Интересно, что — в отличие от многих рецензентов и редакторов — он [Э. Г. Казакевич] не стал цепляться к мелочам (типа: здесь у вас длинная фраза, а в этом абзаце дважды повторяется слово «который»), а постарался увидеть в рукописи основное. И сам в связи с этим заметил, что в некоторых местах хотел было сделать редакторские замечания, но решил воздержаться от них, чтобы не нарушать индивидуальности речи автора. Зато единственное принципиальное замечание, которое он высказал, — избыточность фактов в ущерб размышлениям — было очень веско, и в дальнейшем я старался всегда иметь его в виду.
<...>
...Тут проявилось многое, очень для него характерное: и бережное, уважительное отношение к литературной индивидуальности начинающего автора, которого по существу и литератором-то еще нельзя назвать, и стремление к тому, чтобы за деревьями увидеть лес... И еще одно, наверное, не последнее для характеристики Э. Г. Когда я, расхрабрившись по ходу этого, во всех отношениях приятного для меня, разговора, заметил:
— А знаете, Эммануил Генрихович, мне ведь поначалу, когда я вам принес рукопись, показалось, что вы этим не очень-то довольны, даже вроде бы раздосадованы? — он ответил:
— Был недоволен. Верно. Знаете, сейчас столько графоманов развелось: все пишут, кому не лень... Вот я и подумал: хороший человек, а ведь придется ему выкладывать, чтобы бросал это дело, не надеялся... И раскрывал вашу рукопись с таким чувством, будто лекарство нужно принять...
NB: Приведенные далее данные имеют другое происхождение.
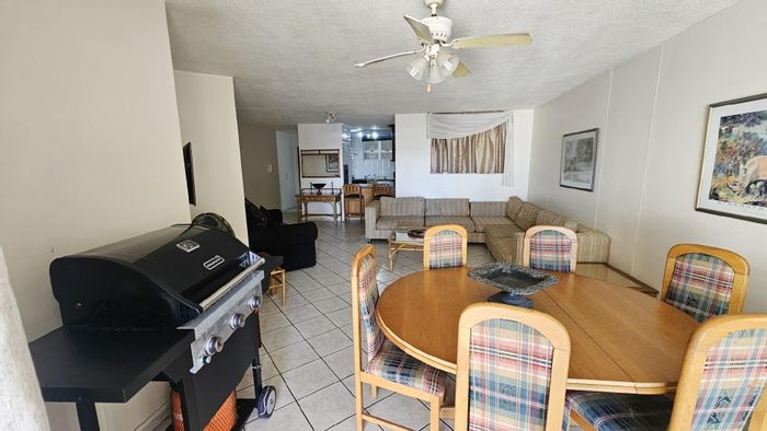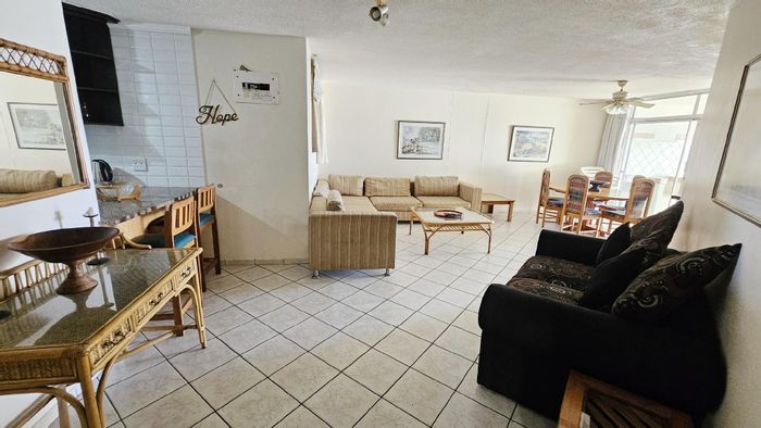 Sun-soaked coastal living moments from Margate's main beach and historic pier, with a spacious balcony overlooking the ocean, pool and braai area — three beds, two baths, two covered parking bays.

Да, говорить неприятные вещи людям в лицо он умел — это общеизвестно. Но, оказывается, поступать так бывало для него не всегда эмоционально просто. Однако просто там или не просто, но кривить — пусть из самых гуманных побуждений — душой, когда дело шло о литературе, он не мог! Назвать в подобной ситуации черное белым или белое черным противоречило бы его прочно установившимся представлениям о порядочности, с одной стороны, и уважению к литературному делу, с другой. И в этом тоже был Казакевич.